▶ What you have to do: Lines before the one containing "7.5'x7.5' Fringe Patio" are not copied; that line and every one after it, through the end of the material below, are printed exactly, without pictures.

▶ Provided data:
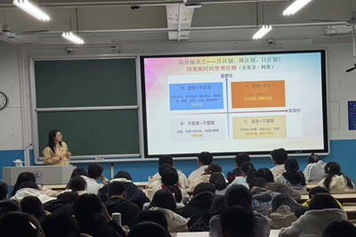 经济学专业分会场聚焦心态建设与成长认知,张显劼用“如果事与愿违,请相信另有安排”疏导新生焦虑情绪;张慧颖以“不是会了才能做,而是做了才能会”,鼓励新生主动探索、突破能力边界。
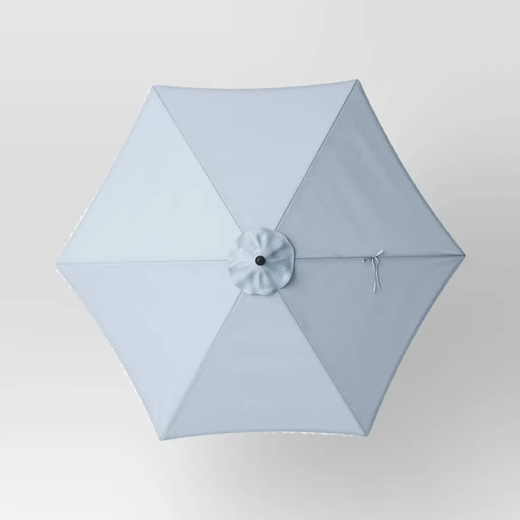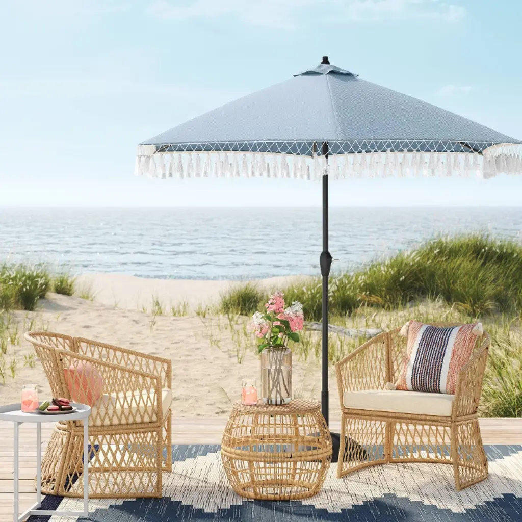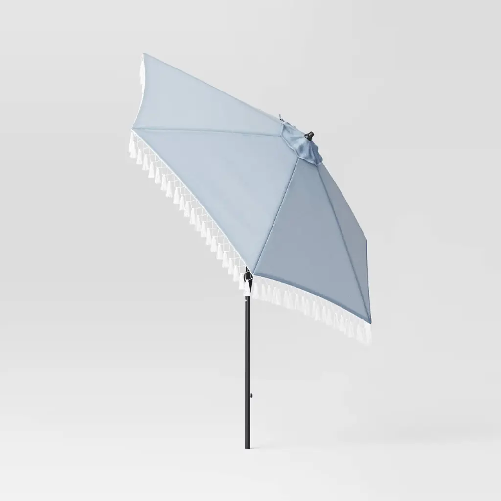 7.5'x7.5' Fringe Patio Market Umbrella Chambray - Black Pole - Threshold™: Fade-resistant, Push-up Lift, Steel Frame
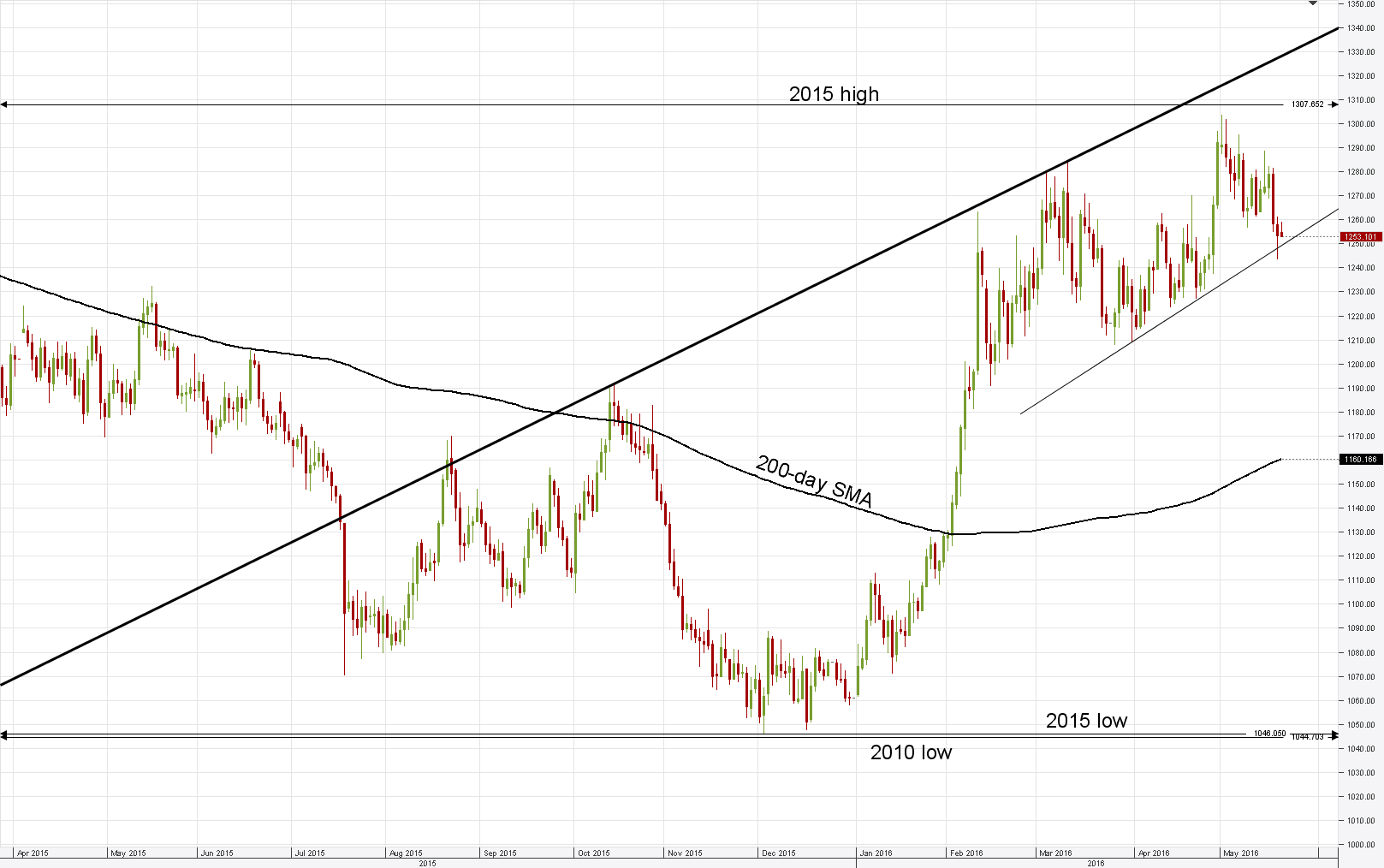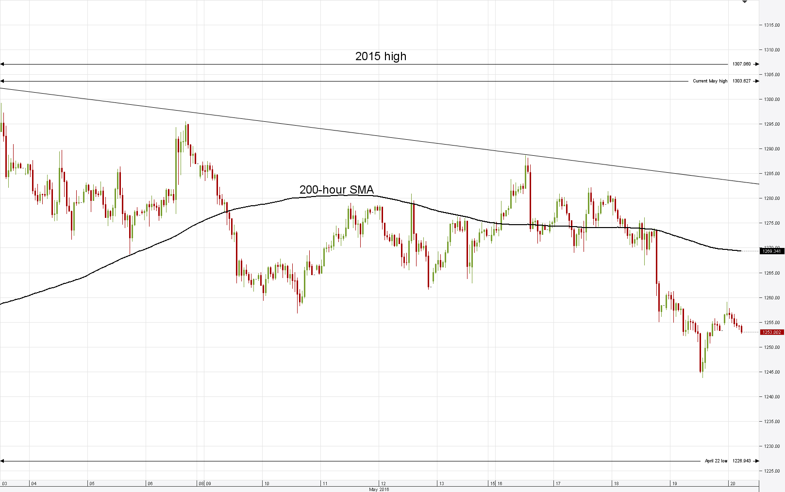 Gold resisted by 55-day SMA from below

▶ Answer section:
 7.5'x7.5' Fringe Patio Market Umbrella Chambray - Black Pole - Threshold™: Fade-resistant, Push-up Lift, Steel Frame
 Gold resisted by 55-day SMA from below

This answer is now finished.